Ayant déposé le ciboire sur la table, aspergé d’eau bénite l’assistance, il dit encore :

Dominus vobiscum !

Le bedeau répondit :

Et cum spiritu tuo.

L’abbé prit le crucifix, l’approcha des lèvres de la mourante, mais les lèvres restèrent inertes au contact du Dieu. Elle ne voyait plus, n’entendait plus, ne sentait plus. Ses yeux regardaient déjà dans l’infini. Alors il se pencha sur elle, tendrement. Un souffle faible et doux comme l’haleine suprême d’une fleur qui tombe, épuisée et flétrie, s’exhalait de ses dents serrées. Le drap, sur sa poitrine, n’était pas même soulevé. Et l’enfant, sous le pâle masque de la mort, gardait un air de jeunesse et d’attendrissante beauté.

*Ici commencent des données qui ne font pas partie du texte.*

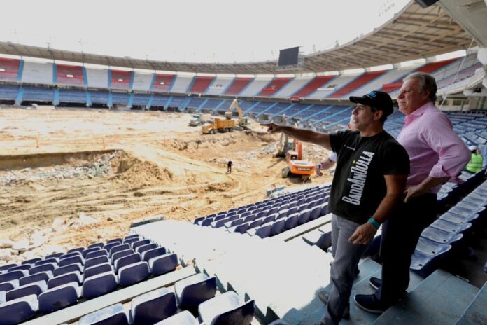 El alcalde de Barranquilla Alejandro Char y el presidente de la Federación Colombiana de Fútbol, Ramón Jesurun, visitaron las obras de ampliación y remodelación del estadio Metropolitano Roberto Meléndez.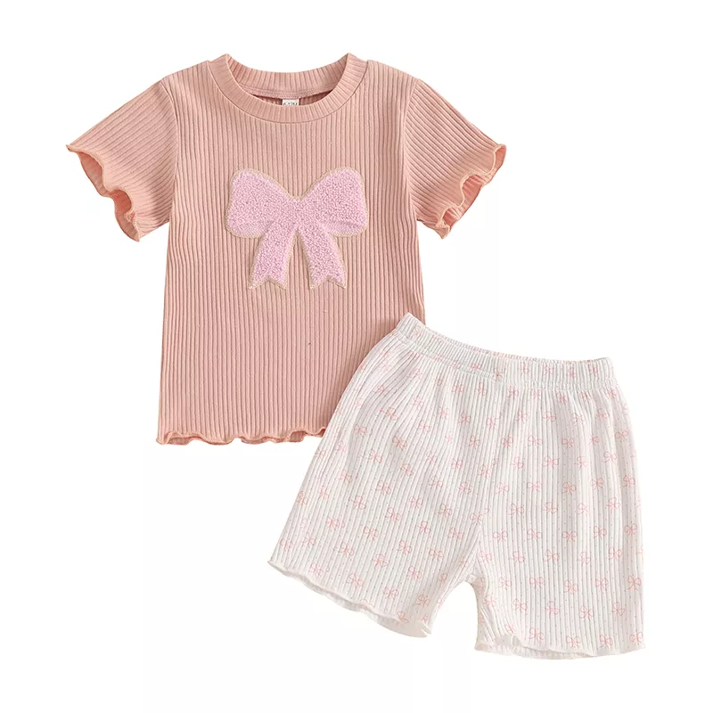 Dress your toddler in this charming summer set designed for both style and comfort. This two-piece outfit includes a soft, breathable short sleeve top featuring delightful bow and strawberry embroidery, paired with elastic waist shorts for easy wear and a perfect fit. Made from a gentle blend of 95% cotton and 5% polyester, this set keeps your little one cool and comfy during warm days while adding a touch of playful sweetness to her wardrobe.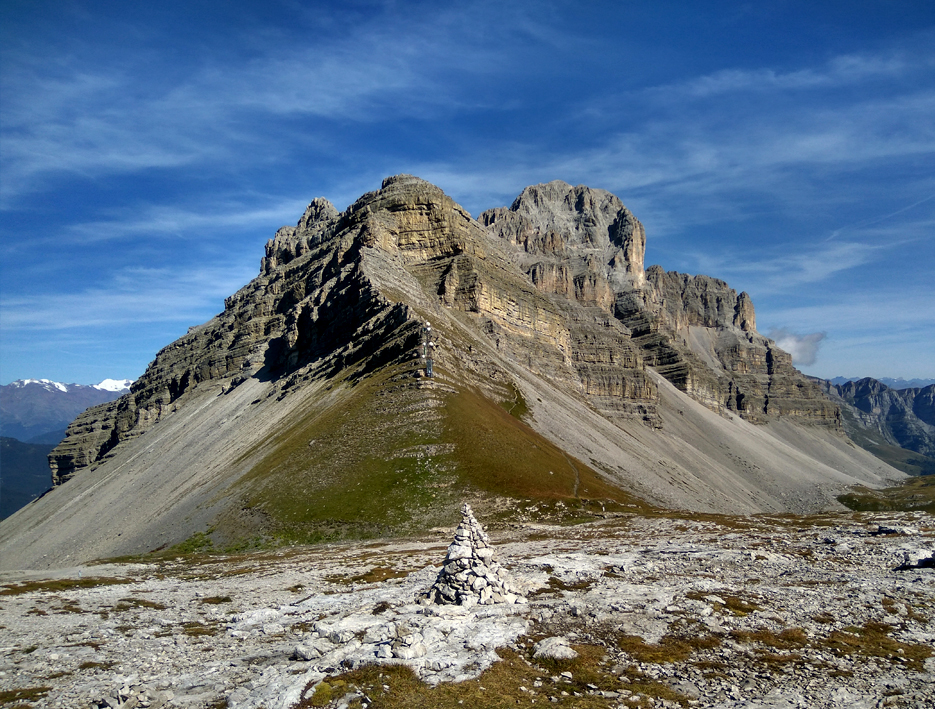 el macizo di Brenta está formado por caliza dolomítica (descubierta por Dolomeu en 1789: caliza con alto contenido en magnesio) / el karst es el paisaje resultante del agrietamiento y desplome de las montañas de caliza, desgaste producido por la acción de hielo y agua sobre la roca soluble (el karst también se da en otros materiales solubles, como el yeso) / sin embargo, el macizo de Adamello, al norte, está formado por granito tonalita. por eso los desmorones que también hay allí no tienen nada que ver con el karst sino con la acción de los glaciares.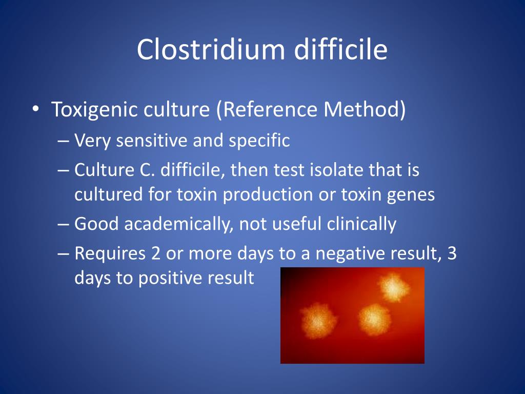 Clostridium difficile • Toxigenic culture (Reference Method) • Very sensitive and specific • Culture C. difficile, then test isolate that is cultured for toxin production or toxin genes • Good academically, not useful clinically • Requires 2 or more days to a negative result, 3 days to positive result

— C’est Dieu qui vient vers vous, dit mon oncle… Ne l’entendez-vous point ?

Le jeune fille demeura immobile.

Alors l’abbé se tourna vers les assistants, vers les femmes agenouillées dont la lumière rasait les coiffes blanches, vers les hommes debout, qui tendaient, dans l’ombre, leurs visages bruns.

— Elle meurt ! dit-il.

Et désignant le ciboire qui brillait sur la table, et les saintes huiles dans leur burette d’argent, il ajouta :

— À quoi bon ?… ne la troublons pas… Et priez, vous qui l’aimiez.